В своем знаменитом памфлете "Педант" Белинский высмеял издателя
"Москвитянина" в образе "хитрого антрепренера", "ловкого промышленника",
"ученого литератора" и "спекулянта". Перечисленные качества Погодина во всей
неприглядной наготе проявились в его отношениях с Гоголем.
Старания Погодина привлечь Гоголя к постоянному участию в
"Москвитянине" не увенчались успехом. В обстановке ожесточенной идейной
борьбы, которая развернулась с начала 40-х годов между прогрессивными силами
общества, возглавляемыми Белинским -- с одной стороны, славянофилами и
идеологами официальной народности -- с другой, позиция Гоголя была очень
сложной. Своими гениальными обличительными произведениями он помогал делу
Белинского, хотя и не возвышался до его страстных революционных убеждений.
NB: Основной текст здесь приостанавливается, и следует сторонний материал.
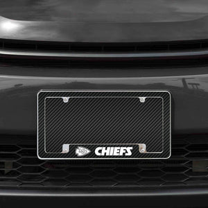 Kansas City Chiefs Metal License Plate Frame Chrome Tag Cover Carbon Fiber Design 6x12 Inch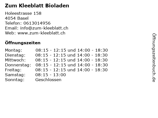 | Öffnungszeiten Zum Kleeblatt Bioladen in Basel anzeigen | |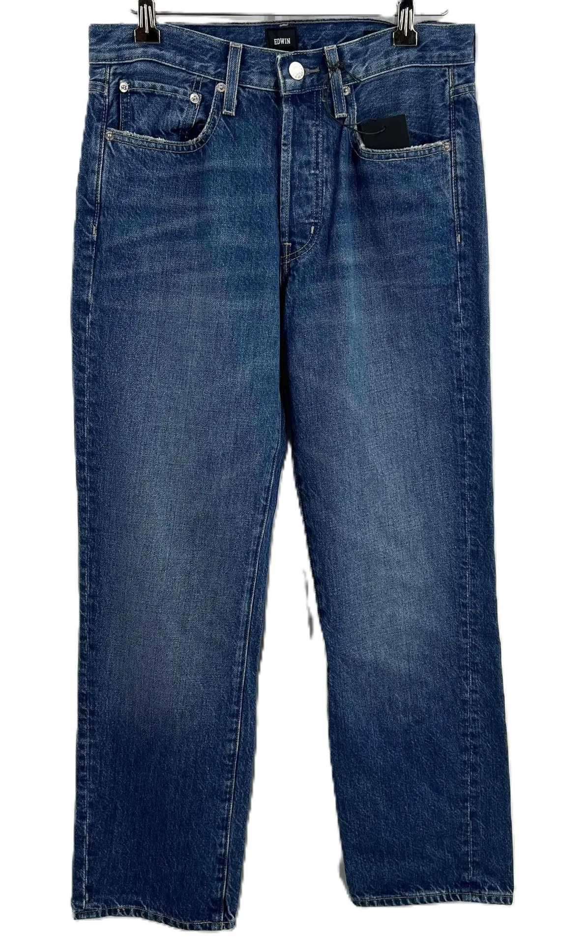 Edwin Indigo Distressed Button Fly Ankle Vintage Straight Jeans Womens Size 26 Get ready to turn heads with these Edwin jeans. Featuring minor distressing on the edges and a stylish button fly, these jeans are perfect for any casual outing. Made from 100% Organic Cotton, they offer comfort and durability, ensuring you look great all day. The ankle-length vintage straight cut gives them a chic and contemporary look. Condition: New condition. Size: 26 Features: Indigo, Denim, Five-pocket, Button Fly, Distressed Edges, Ankle-length Brand: Edwin Type: Jeans Style: Vintage Straight Color: Indigo Material: 100% Organic Cotton Measurements: Waste 15 inches Rise 10 inches Inseam 28 inches Leg opening 7 1/2 inches Keywords: Casual, Comfortable, Versatile, Durable, Chic, Contemporary, Fashionable, OrganicCotton, Women, Streetwear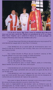 S.S Le Pape Jean Paul II à remis Une bénédiction bene Merentis(ceux qui on bien mérité de l'Eglise) à la présidente de la FCJ au Liban en 2004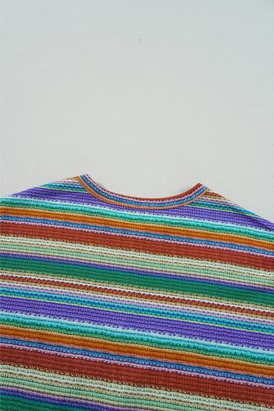 Multicolour Striped Twist Hem Cap Sleeve Top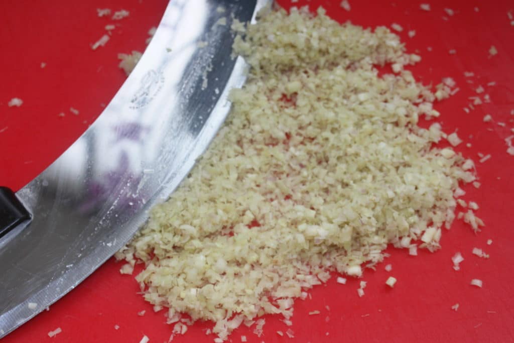 - Épluchez la tête d’ail et hachez menu les gousses.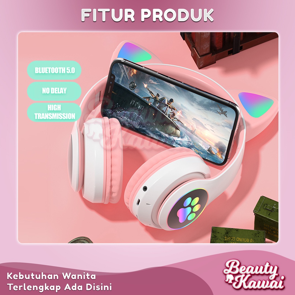 Headset Kucing LED TWS Bluetooth 5.0 Headphone Extra Bass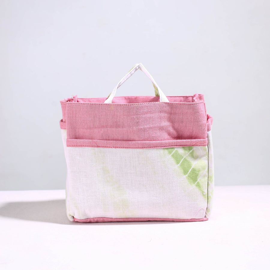 Handmade multipurpose cosmetic/toiletry bag. This bag is crafted from cotton fabric with a spill-proof plastic layer inside, textured with handmade textiles from India. It has two simple pockets, one zipper pocket inside, and four convenient pockets on the outside.
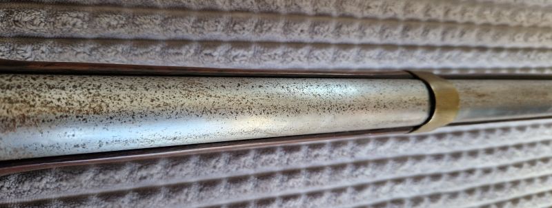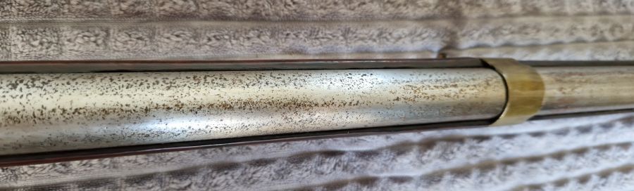 Langer, nach kurzem Achtkant in rund übergender Lauf. Cal. 18,6 mm glatt. Bajonettwarze. Am Ansatz seitlich Marke. Laufoberkante No 44.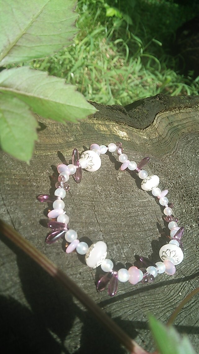 動きのあるチェコビーズにコロンとしたローズクォーツが愛らしいです。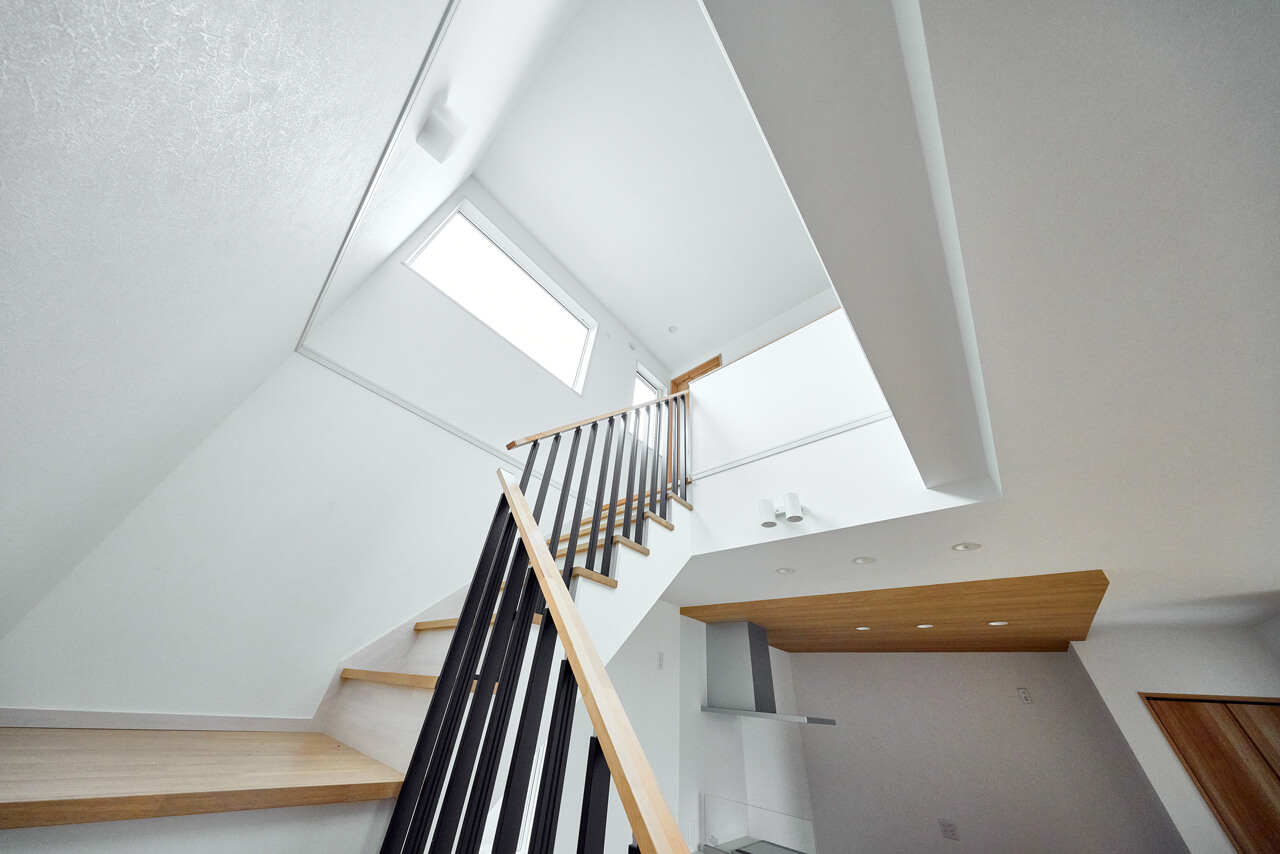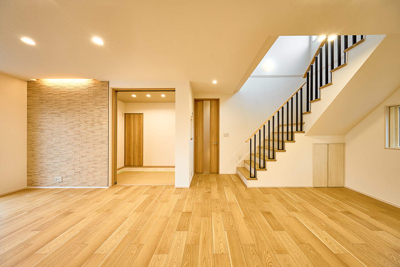 2階へ向かう際に、自然とリビングを通るよう設計された「リビング階段」。みんなが集まる広場へ続く階段のように、2階のプライベートな空間とパブリックなLDKを程よい距離感で結び、親子のコミュニケーションを自然と深めてくれます。

Связанный узами личной дружбы с деятелями славянофильского лагеря, Гоголь
вместе с тем был чужд их политическим взглядам и долго сопротивлялся их
попыткам использовать его имя и авторитет в борьбе против Белинского. Еще
более далек был Гоголь от Погодина.
Перечисляя Погодину его "вины", Гоголь писал: "Первая -- ты сказал верю
-- и усомнился на другой же день, вторая -- ты дал клятву ничего не просить
от меня и не требовать, но клятвы не сдержал: не только попросил и
потребовал, но даже отрекся и от того, что давал мне клятву. Отсюда
произошло почти все" 1. Усилия Погодина представить Гоголя в
качестве союзника "Москвитянина" кончились провалом. Их личные отношения
оказались на грани полного разрыва.
В цитированном выше письме к Языкову от 26 октября 1844 года Гоголь дал
выразительную характеристику Погодина как грубого и беспринципного человека:
"Такой степени отсутствия чутья, всякого приличия и до такой степени
неимения деликатности, я думаю, не было еще ни в одном человеке испокон
веку" 2.
С. Т. Аксаков не мог, конечно, целиком игнорировать подобные вопиющие
факты. Но в изложении этих фактов он старается всячески ослабить их
принципиальное значение, придать конфликту между Гоголем и Погодиным сугубо
личный характер, лишенный какого бы то ни было общественного смысла.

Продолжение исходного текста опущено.